More than one million users could find their cell services halted, but the ban could be just the PR boost RIM needs for its suffering reputation.
It's been a rough month for Research in Motion: its shares have tumbled, a study concluded that half of BlackBerry users plan to switch over to an iPhone or Android headset, and the BlackBerry 6 and BlackBerry Torch 9800 launch did little to sway critics who feel that RIM, which once defined the smart phone, is lagging behind competing devices in terms of hardware and software innovation.
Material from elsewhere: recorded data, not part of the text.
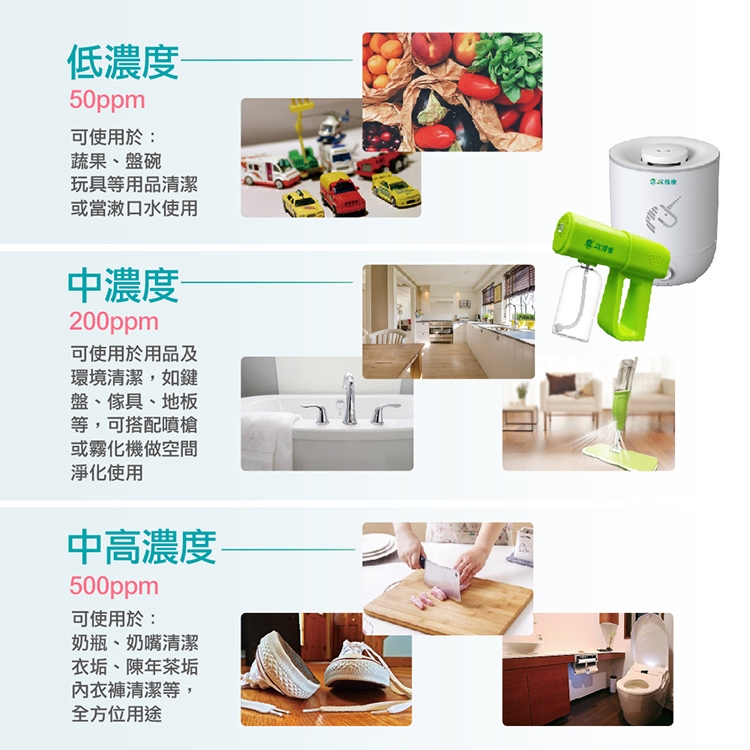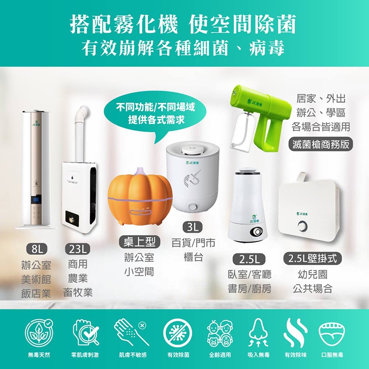 推薦搭配次氯酸水使用,可達到空間清潔的效果
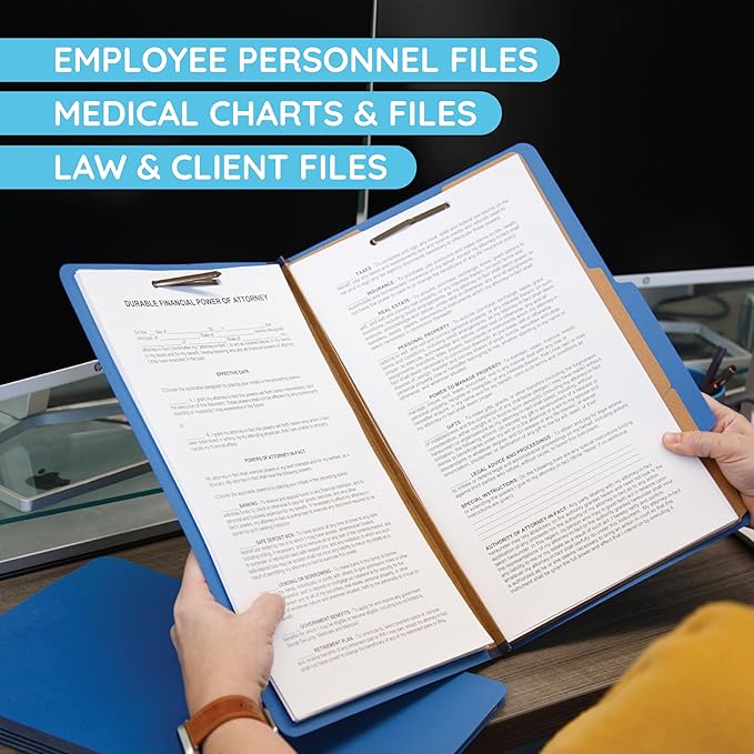 - Organize legal-size files efficiently with 6 fasteners, one on each inside covers and one on each side of the 2 dividers
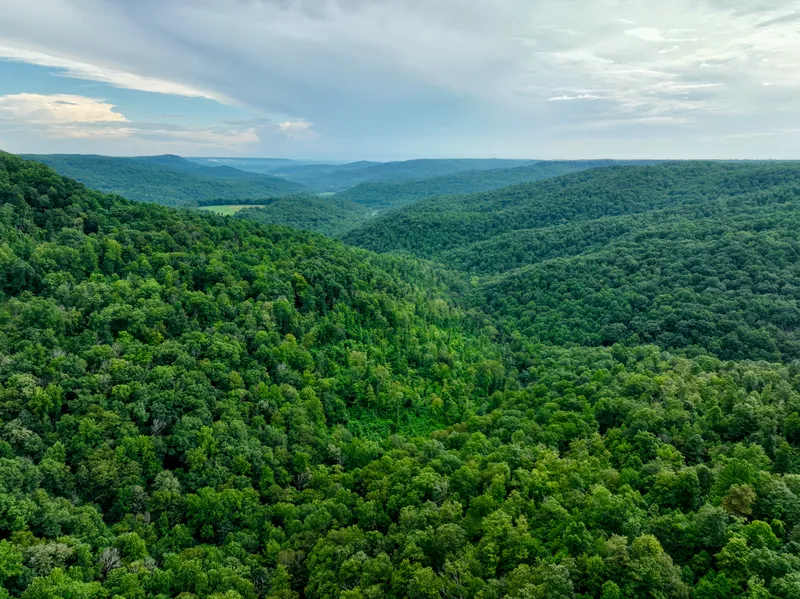 About 100 yards down the trail from the highway are ~8 acres of gently sloping land with a clearing on it overlooking the Calfkiller River valley.
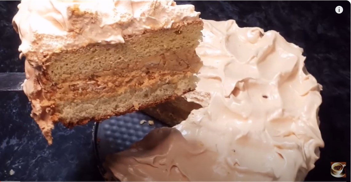 После того как бисквит охладится, разрежьте его на два коржа. На первый корж нанесите крем, накройте вторым и украсьте сверху карамельным безе. Этот десерт просто создан для того, чтобы стать звёздным угощением на вашем столе во время чаепития.
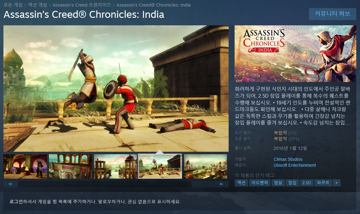 게임제목: 어쌔신크리드 크로니클즈 인디아, Assassin's Creed Chronicles: India

Earlier this week, the UAE attempted to inflict another blow to RIM (RIMM) with the announcement that it is planning to halt BlackBerry service to all users unless the company allowed access to encrypted user data. China, which just recently lifted restrictions on the sale of Wi-Fi-enabled iPhones, as well as Saudi Arabia, Lebanon, India and Algeria also stated they were discussing bans as well. The reason? Concern over illegal activity being conducted via BlackBerry communications.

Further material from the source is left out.